As every friend or relative becomes a potential informant, cooperation plummets and life degenerates into a day-to-day struggle to remain outside the reaches of the law. Professor Goffman offers a chilling portrait of tactics used to encourage relatives to turn in possible lawbreakers: For example, the police may tell mothers that if they don’t report their errant men, the authorities will yank their children, a threat that may be backed by a charge of harboring or aiding and abetting a fugitive. “Squealing” thus becomes more likely. A community becomes divided between those who are on the clean side of the law and those who are not. And trust breaks down in personal relationships.
On December 4 last year, President Obama said:
I believe this is the defining challenge of our time: Making sure our economy works for every working American.
He went on to advocate more government programs rather than getting rid of one government program: the war on drugs.

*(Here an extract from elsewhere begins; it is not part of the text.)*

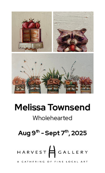 Harvest Gallery is pleased to present Wholehearted, a new solo exhibition by acclaimed Nova Scotia artist Melissa Townsend, on view from August 9 to September 7, 2025. An opening reception will take place on Saturday, August 9, from 1-3 PM in the gallery's lower level. The public is warmly invited to attend, meet the artist, and enjoy light refreshment.

It’s tragic that so many people who care about inequality want to get more equality by forcibly taking from the wealthy rather than ending destructive government programs. So many pundits write about the top 1%. They need to care more about the bottom 1%.
READER COMMENTS
Fake Herzog
Jun 6 2014 at 11:36am
“A community becomes divided between those who are on the clean side of the law and those who are not. And trust breaks down in personal relationships.”
Doesn’t that just describe every community? Years ago someone broke into my house and stole some items from my family — so he was on one side of the law (the dirty side, a thief) and I was on another side of the law (the clean side, a honest property owner).

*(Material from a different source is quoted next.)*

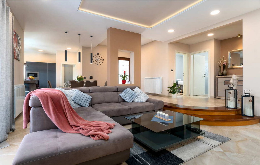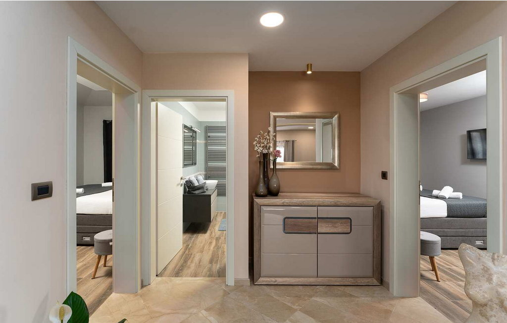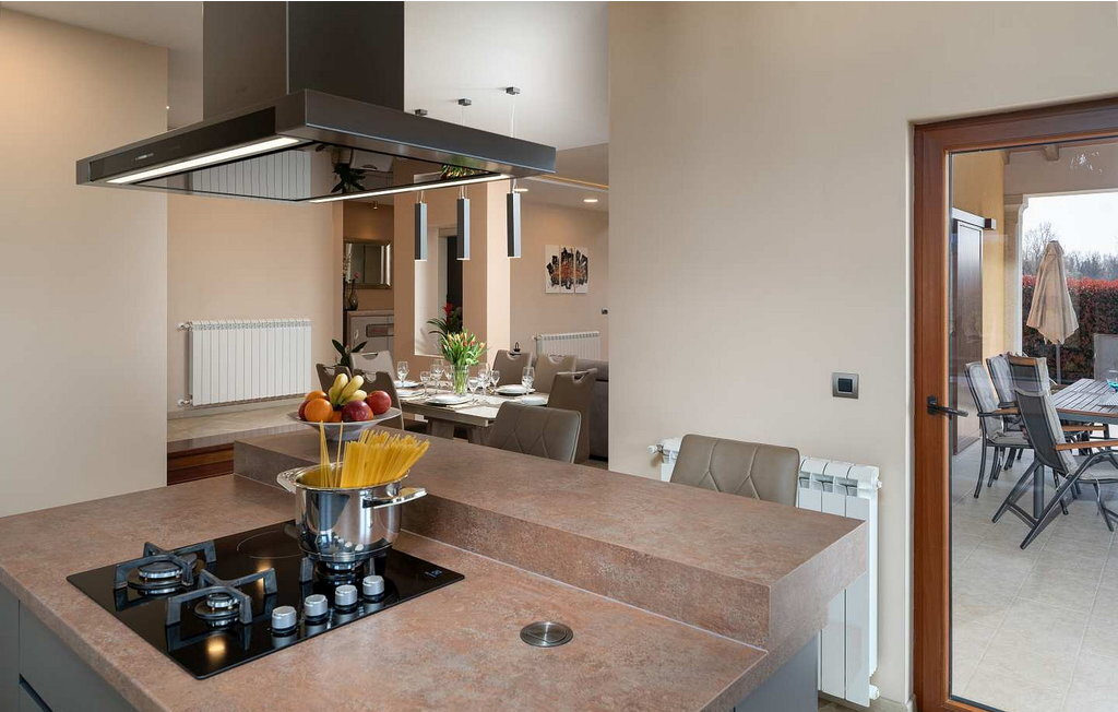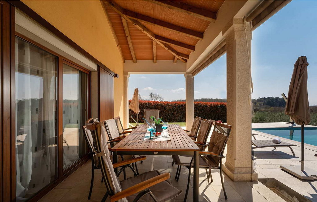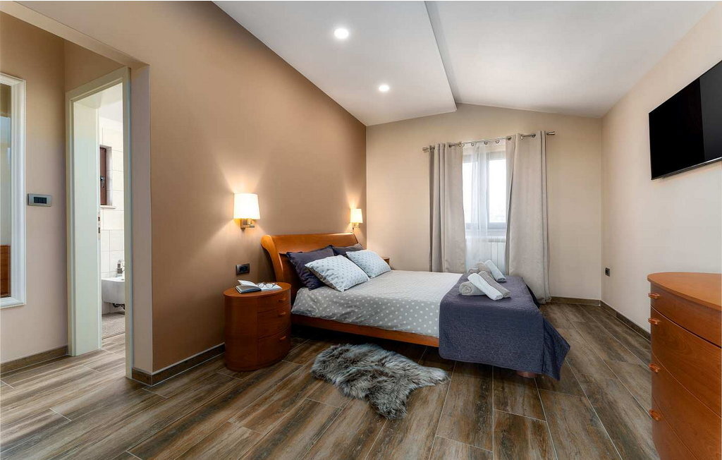Cette maison spacieuse se trouve à quelques minutes en voiture de Vi?njan, où l'on trouve un magasin, du pain frais dans une boulangerie voisine et l'une des meilleures tavernes proposant des spécialités istriennes. Dans le jardin de 600 m², les hôtes ont à leur disposition une piscine à débordement, 6 chaises longues, un parasol, une terrasse couverte avec table à manger et vue sur l'oliveraie, un barbecue et deux places de parking.

Now, I guess your issue is with where we draw the line for certain types of behavior like drug use (and their sale). But there are perfectly good arguments for banning the sale and use of dangerous drugs — that fact that some people have a hard time obeying those laws is not a reason in and of itself to get rid of the laws. For example, in the story above — what the heck is a 14 year old kid doing with crack? And why is he running from a police officer? The story elicits no sympathy from me for Eddie: he seems like a bad apple who should be locked up.
David R. Henderson
Jun 6 2014 at 12:35pm
@Fake Herzog,
Where to start? Ok, here goes.
Years ago someone broke into my house and stole some items from my family — so he was on one side of the law (the dirty side, a thief) and I was on another side of the law (the clean side, a honest property owner).
I distinguish between those crimes and the crime of, say, offering to sell you something voluntarily acquired.
Now, I guess your issue is with where we draw the line for certain types of behavior like drug use (and their sale).
Correct.
But there are perfectly good arguments for banning the sale and use of dangerous drugs
OK. But you didn’t make one.
that fact that some people have a hard time obeying those laws is not a reason in and of itself to get rid of the laws.
That’s correct. My argument does NOT depend on people having trouble obeying laws. It depends on the idea that the laws are bad. If people had trouble obeying laws against murder–and some do–I would not advocate repealing laws against murder.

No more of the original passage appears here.